Problem to work on:
Your answer must hold only the lines below from the line containing "CLUTCH CLOVER IS A UNIQUE" through the line containing "mature, asian, woman, home", each reproduced exactly.

Material supplied:
----

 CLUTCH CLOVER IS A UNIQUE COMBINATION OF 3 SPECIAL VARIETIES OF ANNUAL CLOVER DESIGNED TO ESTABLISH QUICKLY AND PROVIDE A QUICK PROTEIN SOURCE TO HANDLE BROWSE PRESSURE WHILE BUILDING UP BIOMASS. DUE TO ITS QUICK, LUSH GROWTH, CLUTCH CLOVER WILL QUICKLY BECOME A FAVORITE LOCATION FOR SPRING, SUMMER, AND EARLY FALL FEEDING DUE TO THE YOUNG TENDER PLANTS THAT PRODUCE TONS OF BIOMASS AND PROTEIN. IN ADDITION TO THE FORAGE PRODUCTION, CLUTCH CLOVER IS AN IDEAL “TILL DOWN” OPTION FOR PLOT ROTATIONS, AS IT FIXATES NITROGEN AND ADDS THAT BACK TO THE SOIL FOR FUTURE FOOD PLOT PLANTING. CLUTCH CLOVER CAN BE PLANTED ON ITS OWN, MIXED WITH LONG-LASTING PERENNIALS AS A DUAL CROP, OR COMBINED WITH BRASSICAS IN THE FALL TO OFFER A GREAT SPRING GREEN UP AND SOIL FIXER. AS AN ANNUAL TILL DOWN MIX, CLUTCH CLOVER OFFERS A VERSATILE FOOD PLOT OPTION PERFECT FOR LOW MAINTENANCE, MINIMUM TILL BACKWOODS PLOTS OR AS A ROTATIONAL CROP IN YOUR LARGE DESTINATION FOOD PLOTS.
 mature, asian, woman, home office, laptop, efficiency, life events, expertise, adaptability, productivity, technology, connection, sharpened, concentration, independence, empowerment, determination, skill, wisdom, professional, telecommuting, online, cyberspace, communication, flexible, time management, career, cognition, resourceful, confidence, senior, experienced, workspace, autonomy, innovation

----

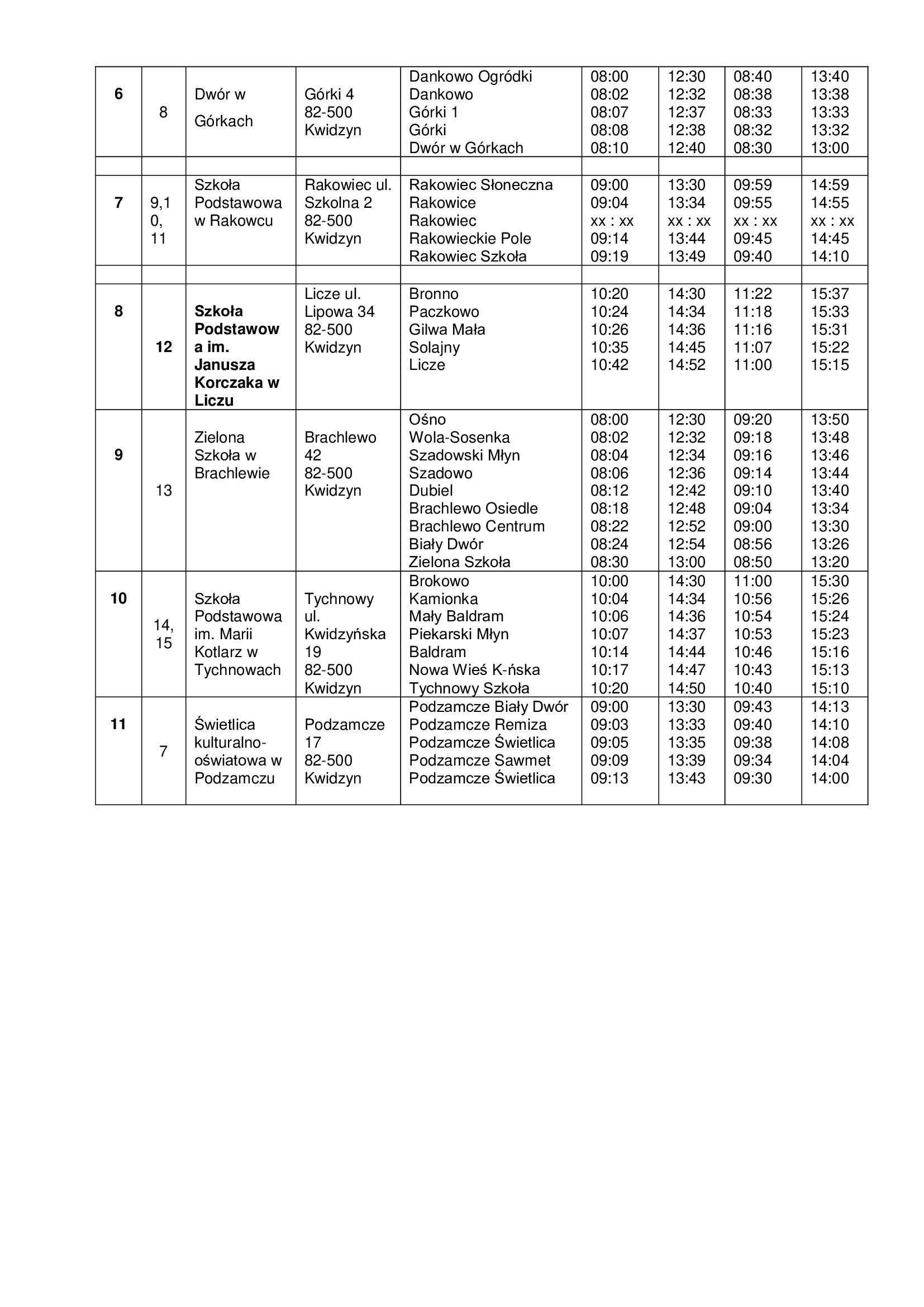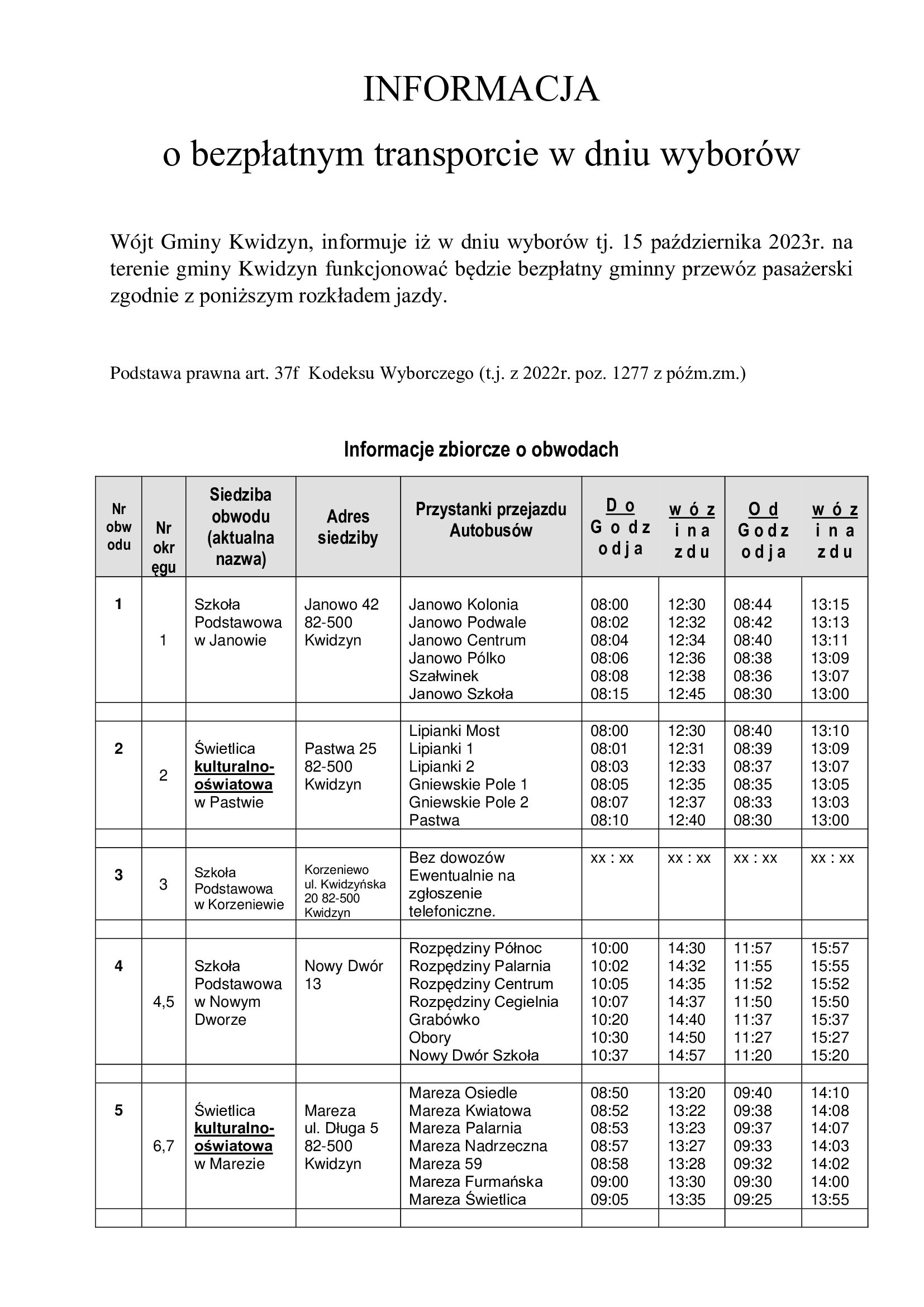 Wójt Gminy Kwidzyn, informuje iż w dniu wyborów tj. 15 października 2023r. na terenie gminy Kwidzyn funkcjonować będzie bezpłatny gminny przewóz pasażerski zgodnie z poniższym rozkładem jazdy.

----

Reply to the task:
 CLUTCH CLOVER IS A UNIQUE COMBINATION OF 3 SPECIAL VARIETIES OF ANNUAL CLOVER DESIGNED TO ESTABLISH QUICKLY AND PROVIDE A QUICK PROTEIN SOURCE TO HANDLE BROWSE PRESSURE WHILE BUILDING UP BIOMASS. DUE TO ITS QUICK, LUSH GROWTH, CLUTCH CLOVER WILL QUICKLY BECOME A FAVORITE LOCATION FOR SPRING, SUMMER, AND EARLY FALL FEEDING DUE TO THE YOUNG TENDER PLANTS THAT PRODUCE TONS OF BIOMASS AND PROTEIN. IN ADDITION TO THE FORAGE PRODUCTION, CLUTCH CLOVER IS AN IDEAL “TILL DOWN” OPTION FOR PLOT ROTATIONS, AS IT FIXATES NITROGEN AND ADDS THAT BACK TO THE SOIL FOR FUTURE FOOD PLOT PLANTING. CLUTCH CLOVER CAN BE PLANTED ON ITS OWN, MIXED WITH LONG-LASTING PERENNIALS AS A DUAL CROP, OR COMBINED WITH BRASSICAS IN THE FALL TO OFFER A GREAT SPRING GREEN UP AND SOIL FIXER. AS AN ANNUAL TILL DOWN MIX, CLUTCH CLOVER OFFERS A VERSATILE FOOD PLOT OPTION PERFECT FOR LOW MAINTENANCE, MINIMUM TILL BACKWOODS PLOTS OR AS A ROTATIONAL CROP IN YOUR LARGE DESTINATION FOOD PLOTS.
 mature, asian, woman, home office, laptop, efficiency, life events, expertise, adaptability, productivity, technology, connection, sharpened, concentration, independence, empowerment, determination, skill, wisdom, professional, telecommuting, online, cyberspace, communication, flexible, time management, career, cognition, resourceful, confidence, senior, experienced, workspace, autonomy, innovation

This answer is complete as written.